El Encuentro se ha desarrollado en dos partes. En la primera, las distintas religiones han rezado por separado en los distintos lugares asignados: la sinagoga de la ciudad (judíos), la iglesia de Santa Rita (budistas), el convento de los Franciscanos ( hindúes), etc. La oración de las confesiones cristianas ha tenido lugar en la cercana basílica de Santa María de Araceli, donde el Papa Francisco ha pronunciado una homilía en la que ha subrayado ante sus hermanos ortodoxos, protestantes, anglicanos y valdendes que «solo el amor apaga el odio, solo el amor vence a la injusticia. Solo el amor deja lugar al otro. Solo el amor es el camino para la plena comunión entre nosotros».
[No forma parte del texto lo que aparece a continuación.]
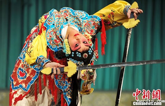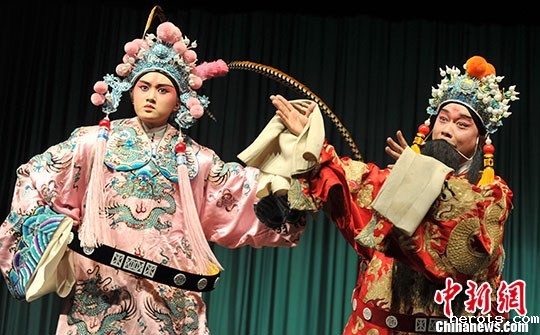 图为台湾戏曲学院师生合演《黄鹤楼》。 中新社记者 翟羽佳 摄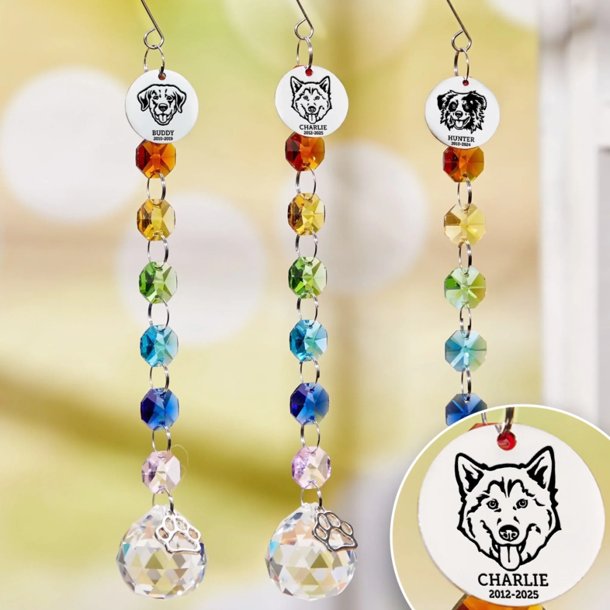 Custom Crystal Suncatcher With Charm - Personalized Pet Memorial Gifts For Dogs - Forever Loved, Never Forgotten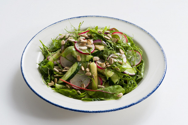 Этот салат придумала наш редактор Людмила Сальникова. И он прекрасен. Нерафинированное подсолнечное масло — это телепорт в лето в деревне. Моя бабушка заправляла салаты только таким, у него сильные, запоминающиеся вкус и аромат. В чем хитрость салата: жареные подсолнечные семечки усиливают вкус в несколько раз и добавляют текстуру, а именно это важно для нас, профессиональных поваров. Основой же салата могут быть любые овощи и травы с вашей грядки. Следите только за тем, чтобы это были молодые и нежные ростки, не перетягивающие на себя внимание.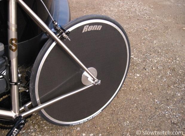 This could be good or bad. Some manufacturers aim for the smoothest possible rim/tire surface, such as Mavic’s CXR series, or Bontrager’s R4 Aero tire. Others, such as Zipp and Reynolds, use small ‘air interrupters’ – dimples, voids, and lips – to create a vacuum or a boundary layer of turbulence. Is the ‘lip’ on this Renn good or bad? I don’t know, but at this price point, I’m not going to lose much sleep over it. Your only other choice in this price range is a wheel cover for your existing spoked wheel, which tends to have a ‘lip’ of its own, too (depending on the fit with the rim it mounts to).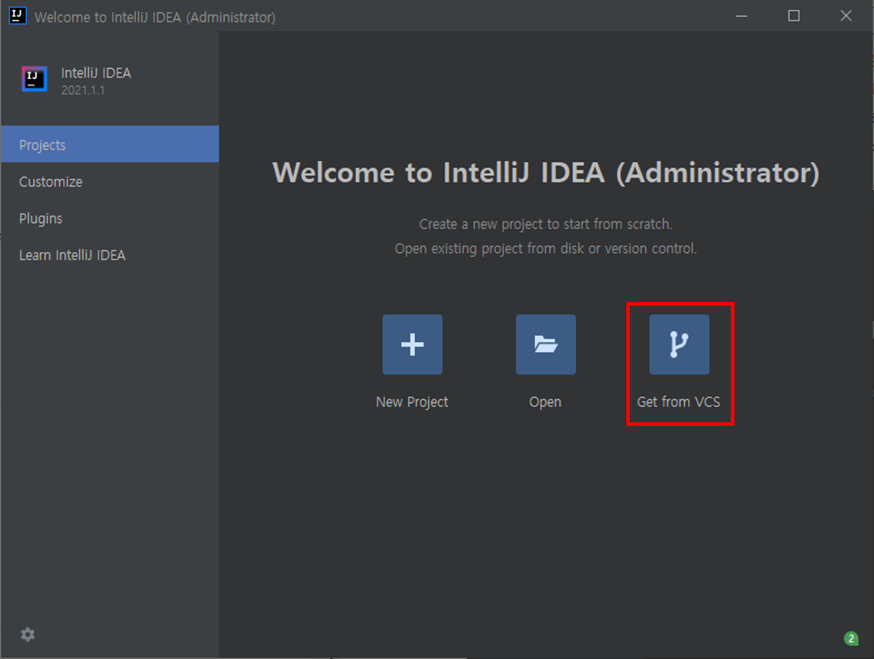 SVN 과 동일하게 Get from VCS 를 클릭한다.

En esta ceremonia, los miembros de las Iglesias cristianas han rezado juntos el Padrenuestro y han encendido una vela por cada uno de los países del mundo que están azotados por la guerra: Afganistán, Libia, el Cáucaso, Líbano, Burkina Faso, Siria, Somalia, Yemen, etc. También han pedido por la paz en Tierra Santa, México, Nigeria, Malí, Mozambique, y por el éxito del diálogo en Bielorrusia, la reconciliación en Burundi, los acuerdos de paz de Colombia y de Sudán del Sur, el fin de las tensiones en la península de Corea y entre India y Pakistán, la paz en la región del Kivu (República Democrática del Congo) y en Tierra Santa, la reconciliación y el fin de la violencia en Venezuela, y por todos aquellos que permanecen secuestrados en poder de grupos armados.
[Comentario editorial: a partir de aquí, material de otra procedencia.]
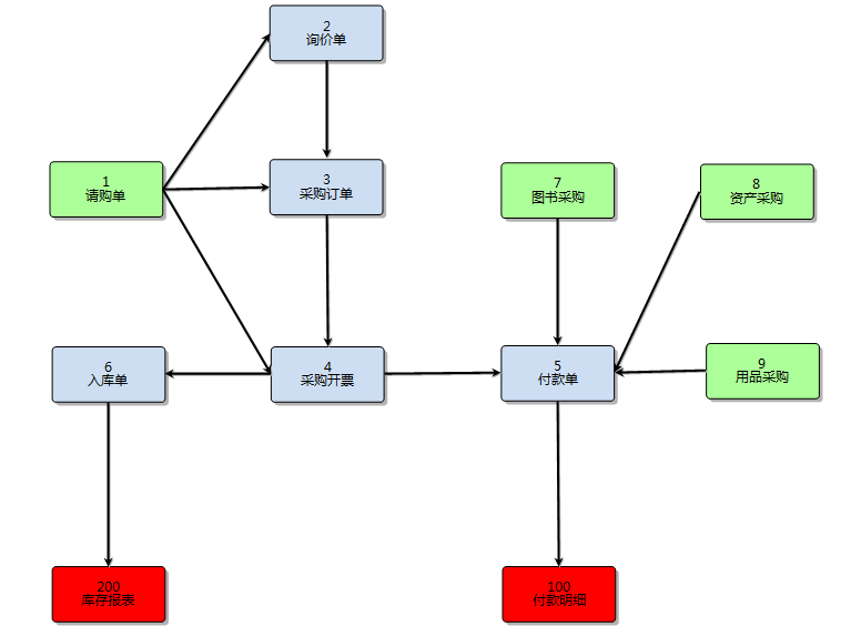 采購管理就是向供應(yīng)商進(jìn)行采購過程中的數(shù)據(jù)計(jì)算方面的管理,而單據(jù)的列表都是以按機(jī)構(gòu)部門等級(jí)權(quán)限進(jìn)行查看,也就是說,上級(jí)部門能夠看到下級(jí)部門的錄入的單據(jù)。其采購流程如下: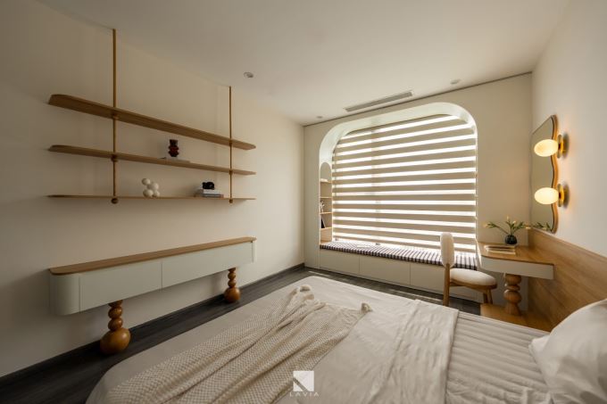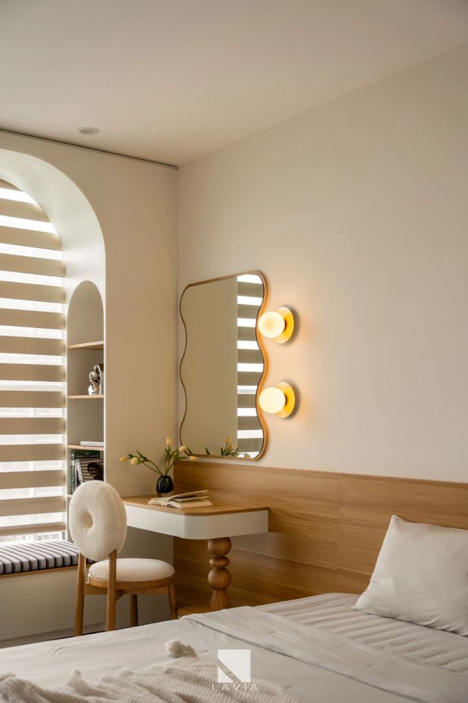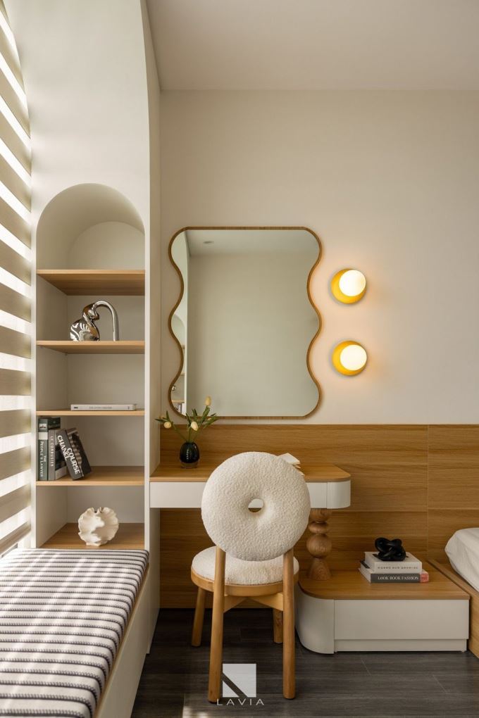Chi tiết gương bo tròn, đèn ngủ ốp tường ánh vàng hay các kệ trang trí âm tường đều giúp căn phòng tuy đơn giản nhưng vẫn đầy đủ tiện nghi và cảm xúc.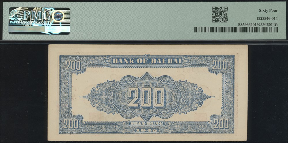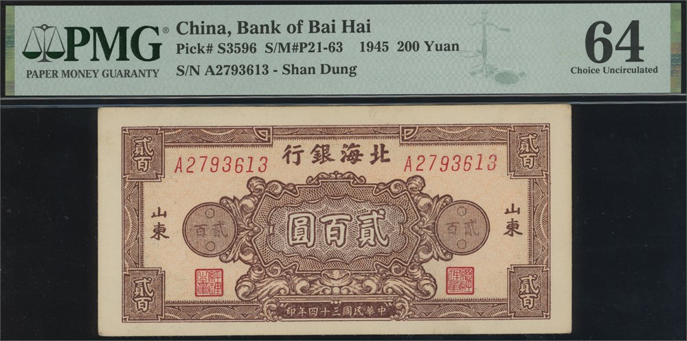 200 Yuan 1945 S/N A2793613, Shan Dung.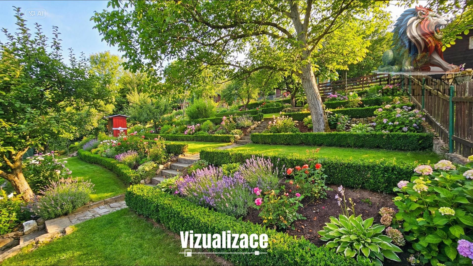 Zahrada je orientovaná na jih, krásně na ni svítí sluníčko. Rostou na ní jabloně a vlašské ořechy. Je svažitá a jsou na ni vytvořeny kaskády jako vodorovné plochy. Je obdélníkového tvaru o stranách cca 15m x 27,5m.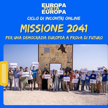 Missione 2041 è un progetto ambizioso promosso dalla rete Europa Porta Europa, un ciclo di incontri per rispondere a questa domanda e tracciare un percorso condiviso verso una democrazia europea più inclusiva, giusta e resiliente.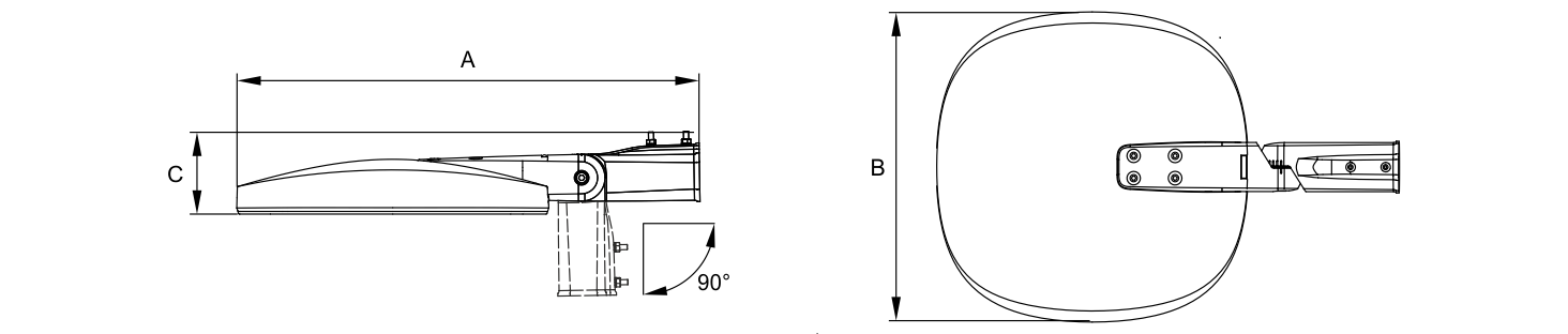 Светильник устанавливается на консольный или торшерный кронштейн диаметром 48÷60 мм (шаг регулирования - 5°).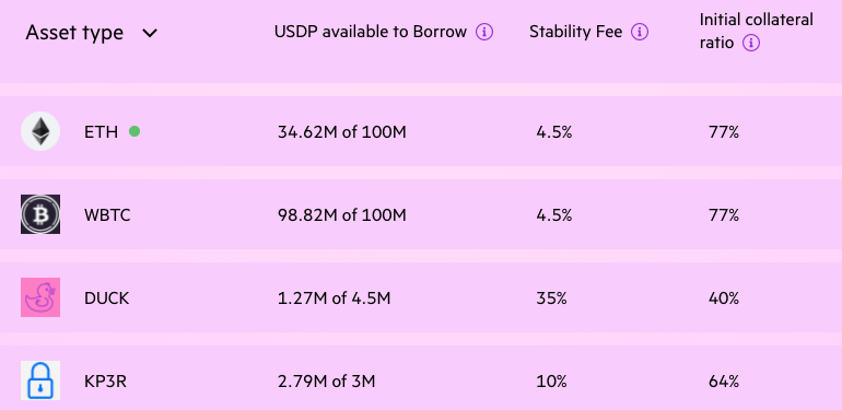 與MakerDAO的可變穩定率和清算率不同,Unit使用固定的穩定率和清算費。雖然固定費率為借款人提供了一個可預測的來源,以應對其相關抵押品不可預測的價格行動,但缺乏可變穩定費率會使USDP面臨掛鉤風險。如果沒有這個工具,USDP維持其掛鉤的主要方式則是利用其在Curve和Component.finance上池中的其他穩定幣的穩定性,從而導致圍繞USDP的一系列風險。這些風險將在本篇文章的后部分介紹。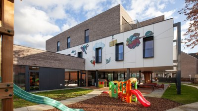 "We zijn gegaan voor een woongebouw waar kinderen blij van kunnen worden.”, gaat architect Hubert Bijnens van BPA Groep Architectuur van start. “Dus zijn we ver weggebleven van het ‘klassieke instituut’ en volop voor een warme beleving gegaan.”
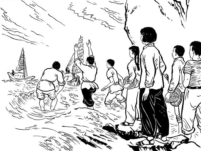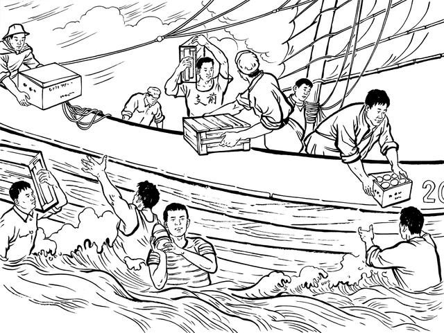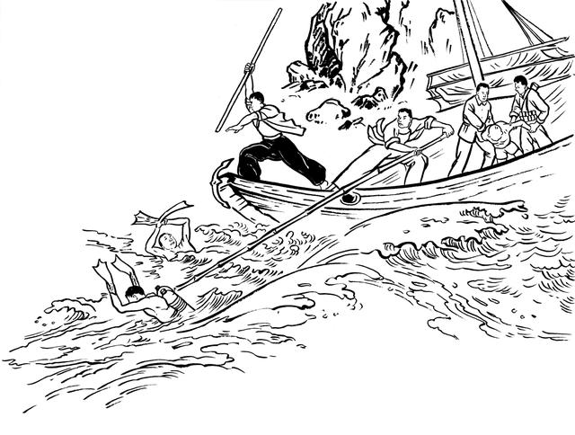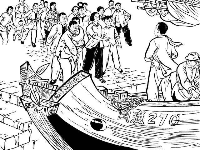 70. 8月27日夜里,3条载满物资的帆船驰向小嶝,在小岛附近海域遇风触礁,船上的木头散向海面,部队首长正带着战士抢捞木头。洪秀枞闻讯后,带着民兵纷纷下水抢捞木头。

El Papa: «Dios pedirá cuentas a quienes no busquen la paz»

A continuación, el Pontífice y el patriarca Bartolomé se han trasladado juntos, caminando, a la cercana plaza del Campidoglio, en donde han saludado a las autoridades civiles y a los restantes líderes religiosos presentes en el evento. El Papa ha sido el último en tomar la palabra. En su discurso, repleto de citas de la última encíclica Fratelli tutti y de la Declaración de la Fraternidad firmada con el imán Al-Tayyeb en Abu Dhabi, el Santo Padre se ha dirigido también a los gobernantes, a quienes ha recordado que deben ser constructores de paz. «Poner fin a la guerra —les ha dicho— es el deber impostergable de todos los líderes políticos ante Dios. La paz es la prioridad de cualquier política. Dios le pedirá cuentas a quienes no han buscado la paz o han fomentado las tensiones y los conflictos durante tantos días, meses y años de guerra que han pasado y que han golpeado a los pueblos».
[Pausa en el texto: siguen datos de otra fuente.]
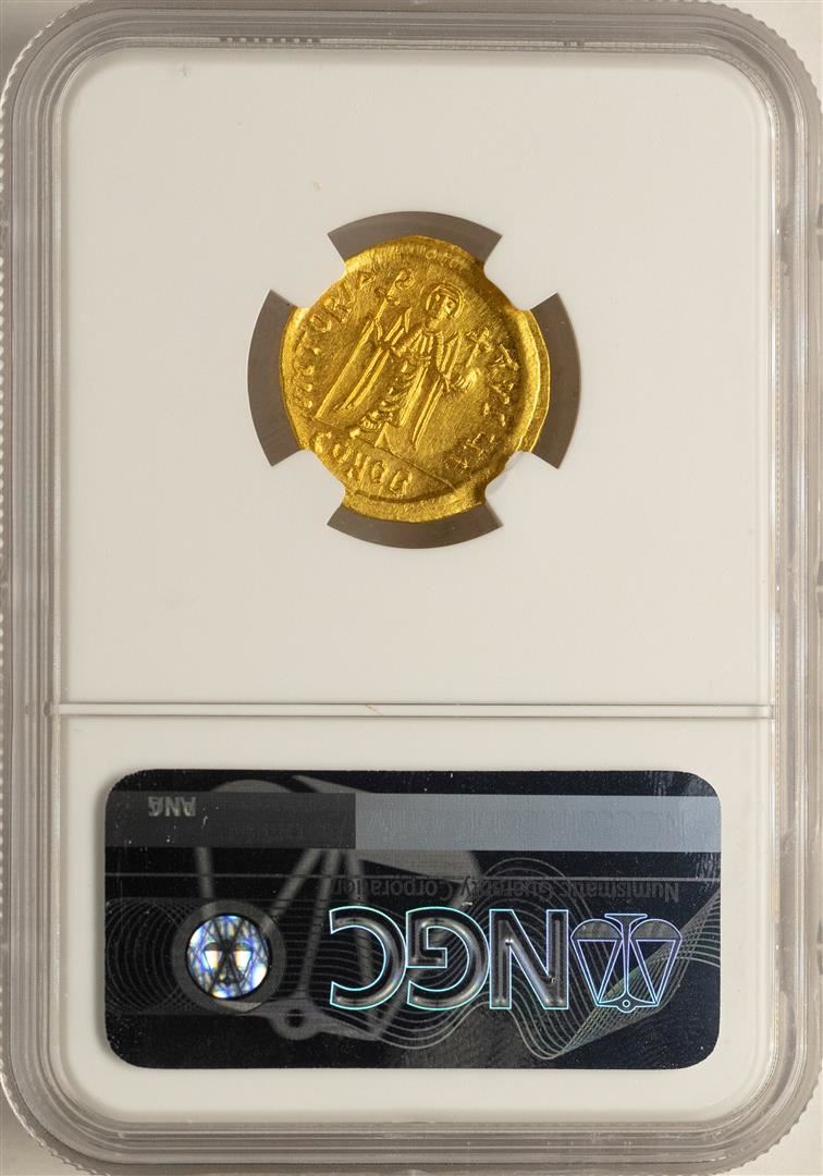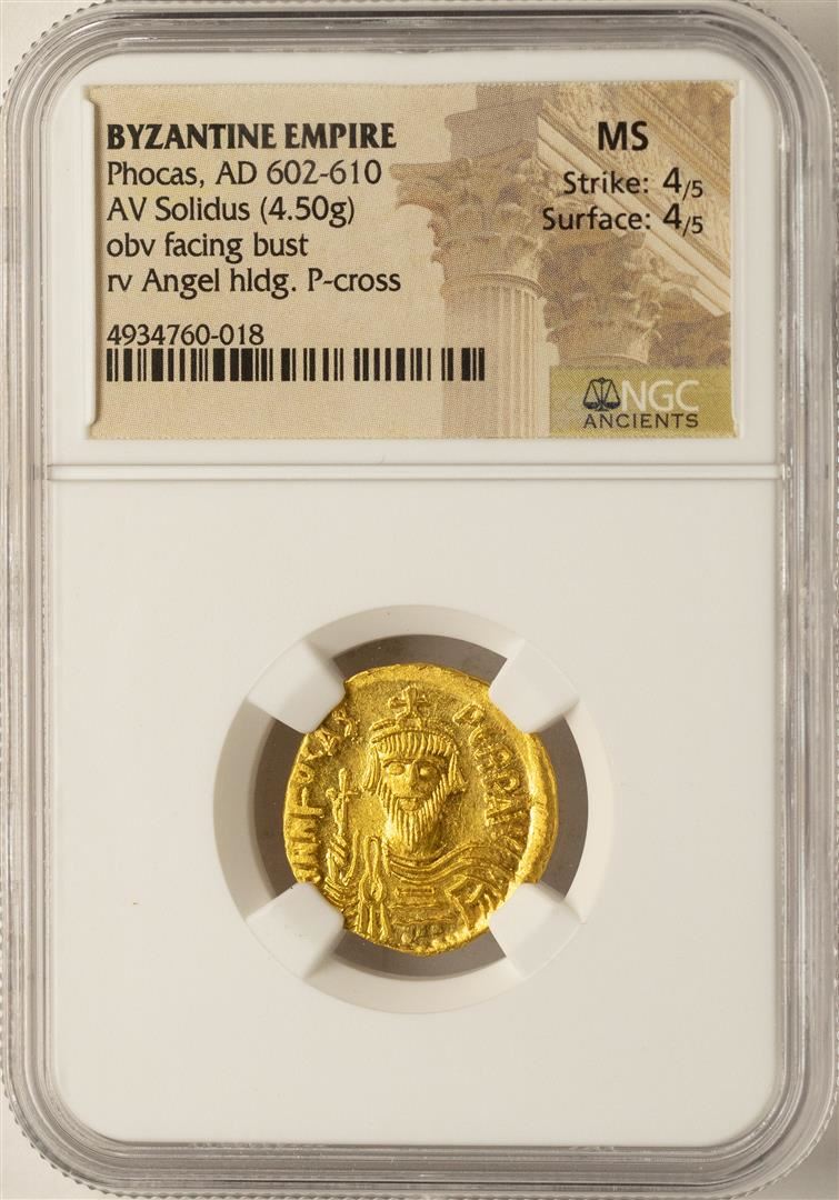 One AD 602-610 Phocas Byzantine Empire Solidus Ancient Gold Coin NGC MS. NGC Certified.

El patriarca Bartolomé ha dicho en su intervención que para construir un mundo más justo y fraterno hay que comenzar por cuidar nuestra casa común; el rabino jefe de Francia se ha mostrado convencido de que «una nueva fraternidad es posible»; y el líder musulmán ha pedido «una nueva globalización basada en la fraternidad humana» y no en la imposición de un único modelo cultural.

En su discurso de apertura el profesor Andrea Riccardi, fundador de la Comunidad de San Egidio, ha dicho: «Hoy las religiones no rezan unas contra otras, sino unas al lado de otras. (…) La paz es siempre posible en un clima de diálogo y fraternidad».